Requirement:
Your copy should start at the line with "Konuşmaların ardından, profesör, doçent" and end at the line with "DMO also brings" in the data below. Transcribe only those lines, exactly, pictures excluded.

Data shown:
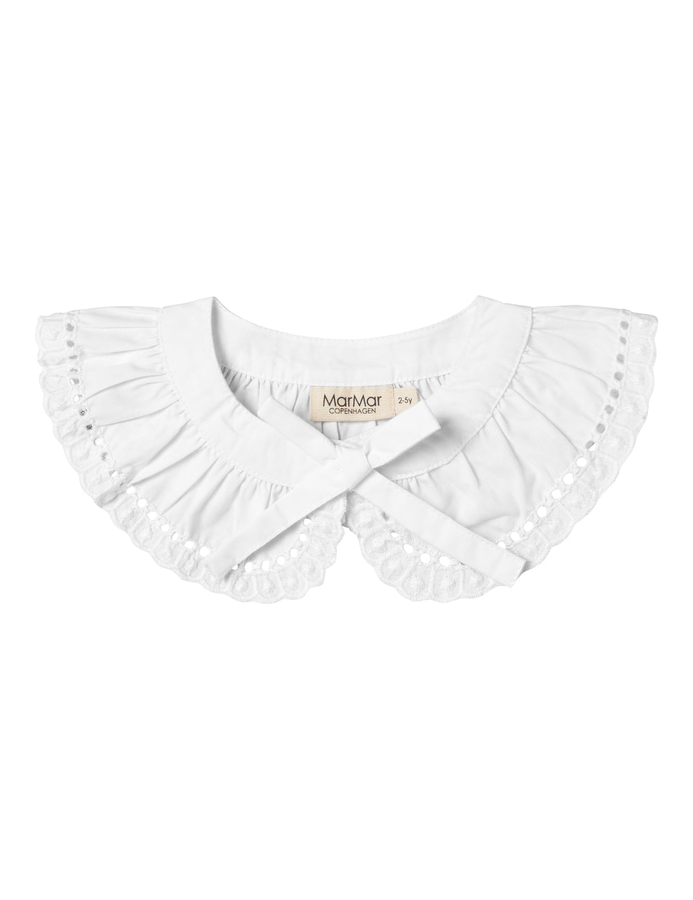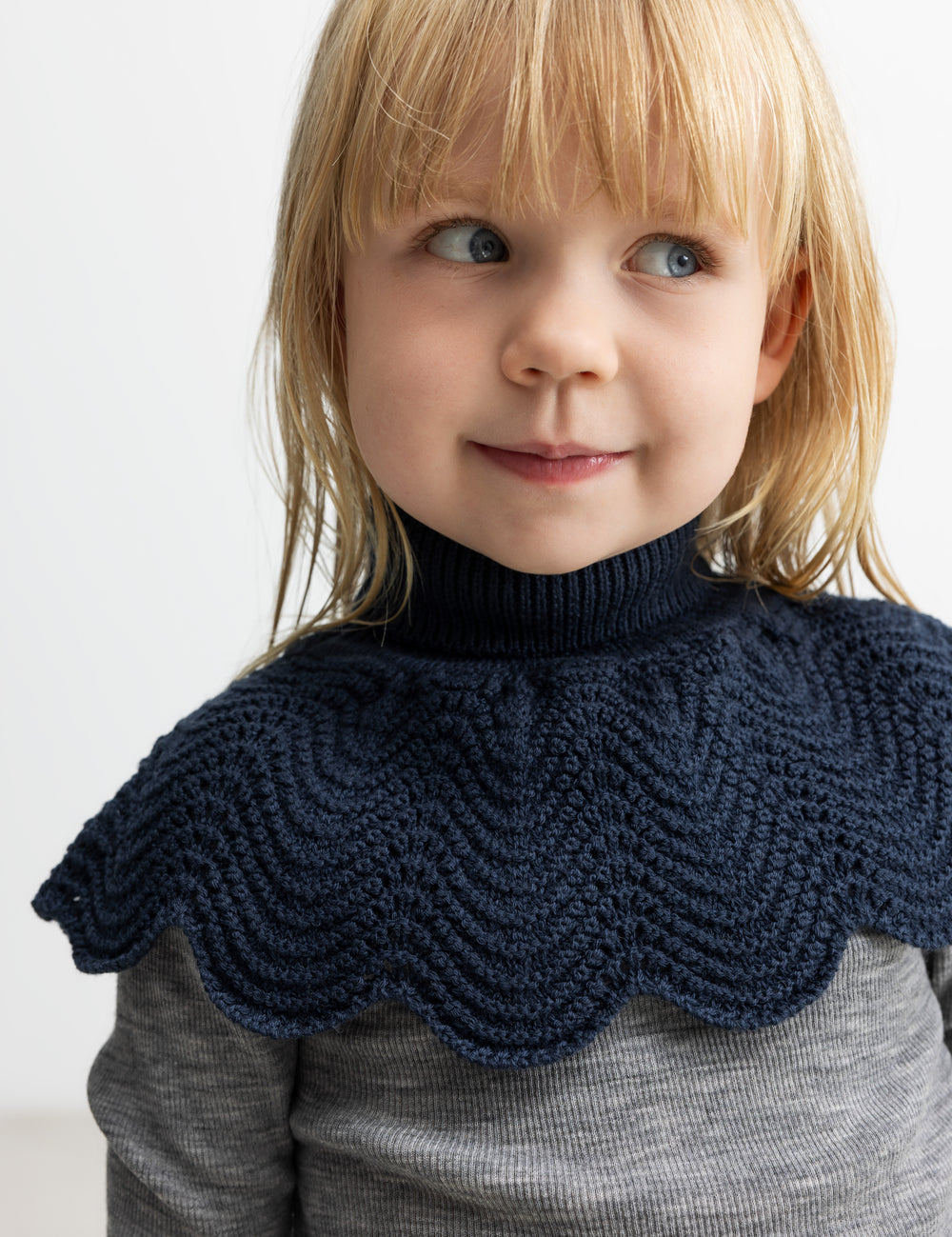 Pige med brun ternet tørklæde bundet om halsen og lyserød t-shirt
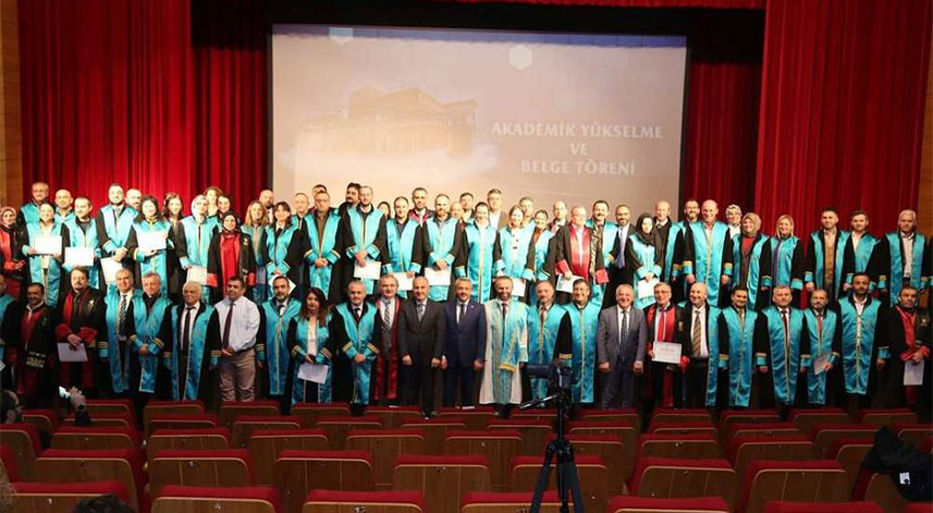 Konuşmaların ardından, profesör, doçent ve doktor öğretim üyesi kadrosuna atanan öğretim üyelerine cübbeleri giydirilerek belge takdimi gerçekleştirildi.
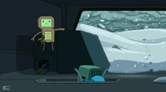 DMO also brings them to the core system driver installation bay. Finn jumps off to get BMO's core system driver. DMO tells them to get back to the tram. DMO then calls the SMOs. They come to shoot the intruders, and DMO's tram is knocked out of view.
---
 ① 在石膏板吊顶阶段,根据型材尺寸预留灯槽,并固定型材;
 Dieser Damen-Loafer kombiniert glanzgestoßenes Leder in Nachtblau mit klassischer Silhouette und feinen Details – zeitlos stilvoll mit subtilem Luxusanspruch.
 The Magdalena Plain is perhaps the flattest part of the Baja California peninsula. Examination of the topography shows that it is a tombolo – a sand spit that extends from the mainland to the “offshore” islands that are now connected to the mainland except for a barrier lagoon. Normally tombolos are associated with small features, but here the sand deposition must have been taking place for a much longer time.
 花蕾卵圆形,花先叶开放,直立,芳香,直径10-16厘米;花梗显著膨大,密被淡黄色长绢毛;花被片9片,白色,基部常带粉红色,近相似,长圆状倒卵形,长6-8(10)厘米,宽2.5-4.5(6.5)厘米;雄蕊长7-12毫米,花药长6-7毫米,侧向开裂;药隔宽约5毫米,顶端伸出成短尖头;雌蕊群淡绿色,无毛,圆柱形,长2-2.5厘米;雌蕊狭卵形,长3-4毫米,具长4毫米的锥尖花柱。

Result below:
 Konuşmaların ardından, profesör, doçent ve doktor öğretim üyesi kadrosuna atanan öğretim üyelerine cübbeleri giydirilerek belge takdimi gerçekleştirildi.
 DMO also brings them to the core system driver installation bay. Finn jumps off to get BMO's core system driver. DMO tells them to get back to the tram. DMO then calls the SMOs. They come to shoot the intruders, and DMO's tram is knocked out of view.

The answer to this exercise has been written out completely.